### WHAT YOU WILL DO:
When you copy from the entries that follow, take only the lines from the one with "ボタンに触れないように側面を" down to the one with "他还提到,这个种子还有一个蘑", keeping both ends and dropping every picture.
::: RECORDS SUPPLIED
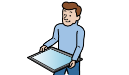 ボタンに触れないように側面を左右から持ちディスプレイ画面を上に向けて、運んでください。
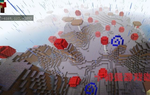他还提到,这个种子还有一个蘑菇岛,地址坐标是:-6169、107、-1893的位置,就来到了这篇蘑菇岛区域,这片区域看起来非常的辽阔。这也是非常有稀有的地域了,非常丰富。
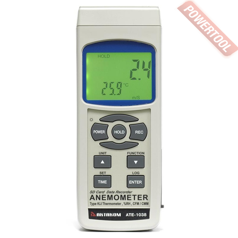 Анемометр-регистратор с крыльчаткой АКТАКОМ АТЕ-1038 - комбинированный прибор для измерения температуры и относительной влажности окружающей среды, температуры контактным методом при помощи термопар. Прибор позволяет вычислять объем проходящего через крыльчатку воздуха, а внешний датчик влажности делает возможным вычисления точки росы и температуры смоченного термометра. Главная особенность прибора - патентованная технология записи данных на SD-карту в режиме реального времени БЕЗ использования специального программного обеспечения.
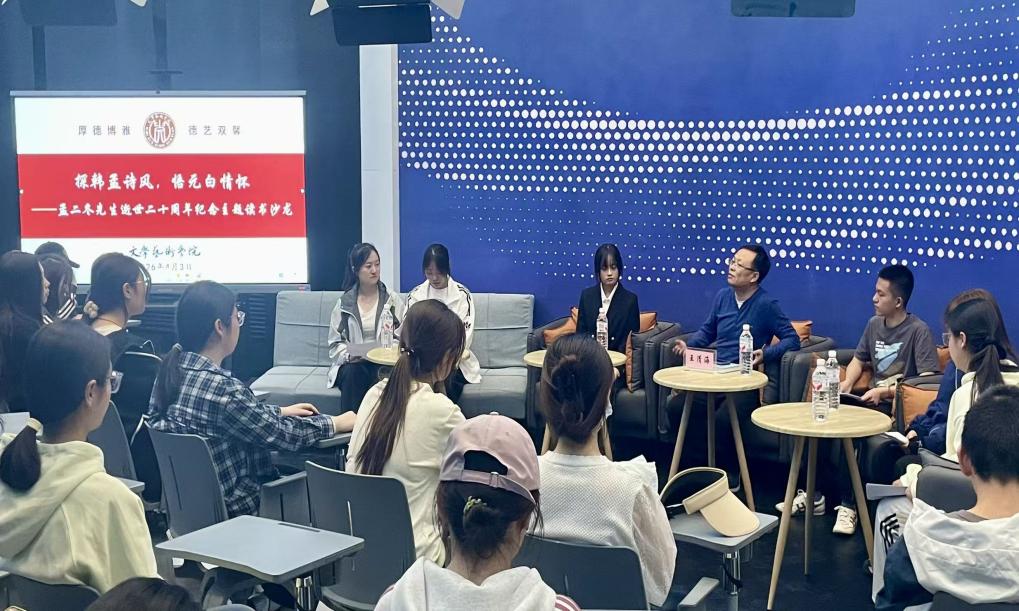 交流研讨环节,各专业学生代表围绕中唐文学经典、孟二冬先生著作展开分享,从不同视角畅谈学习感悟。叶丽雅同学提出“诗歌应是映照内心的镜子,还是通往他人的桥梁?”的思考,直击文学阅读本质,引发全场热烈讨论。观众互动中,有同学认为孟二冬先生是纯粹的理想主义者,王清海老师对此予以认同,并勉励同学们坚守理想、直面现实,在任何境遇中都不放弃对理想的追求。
::::::
::: RECORDS SUPPLIED
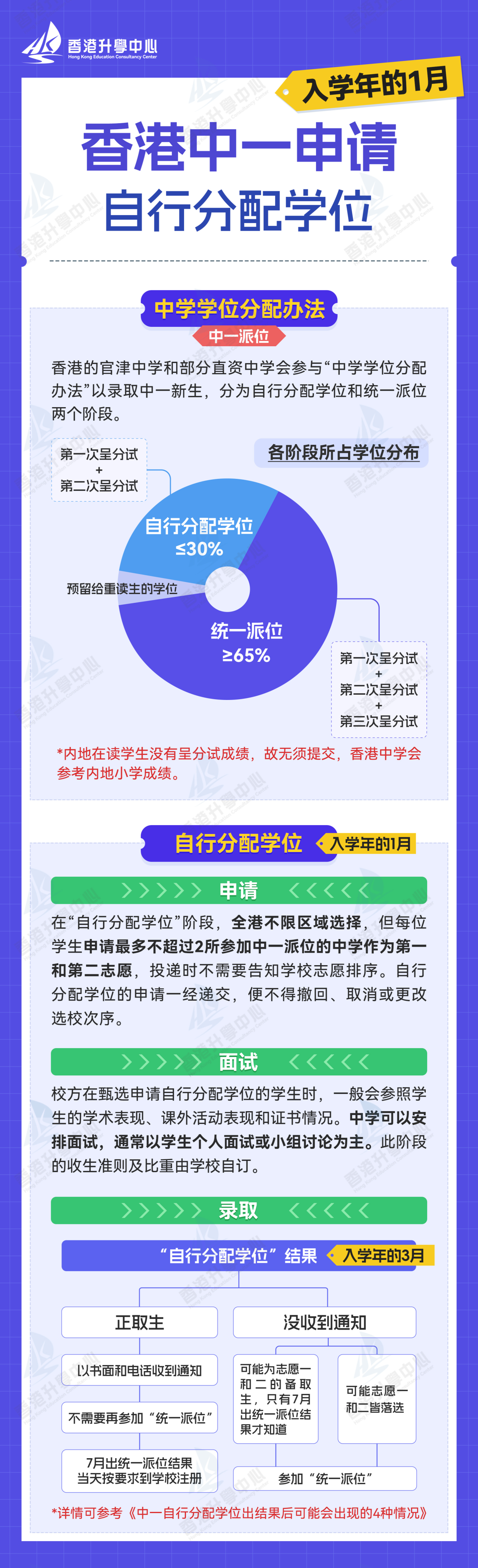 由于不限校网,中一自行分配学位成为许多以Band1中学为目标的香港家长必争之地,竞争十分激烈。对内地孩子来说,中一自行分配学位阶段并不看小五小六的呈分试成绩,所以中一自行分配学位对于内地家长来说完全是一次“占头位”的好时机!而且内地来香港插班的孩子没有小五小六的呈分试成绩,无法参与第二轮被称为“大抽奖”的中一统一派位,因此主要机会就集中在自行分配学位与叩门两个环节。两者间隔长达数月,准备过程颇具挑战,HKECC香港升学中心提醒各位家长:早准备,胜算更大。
::::::
### YOUR RESPONSE:
 ボタンに触れないように側面を左右から持ちディスプレイ画面を上に向けて、運んでください。
他还提到,这个种子还有一个蘑菇岛,地址坐标是:-6169、107、-1893的位置,就来到了这篇蘑菇岛区域,这片区域看起来非常的辽阔。这也是非常有稀有的地域了,非常丰富。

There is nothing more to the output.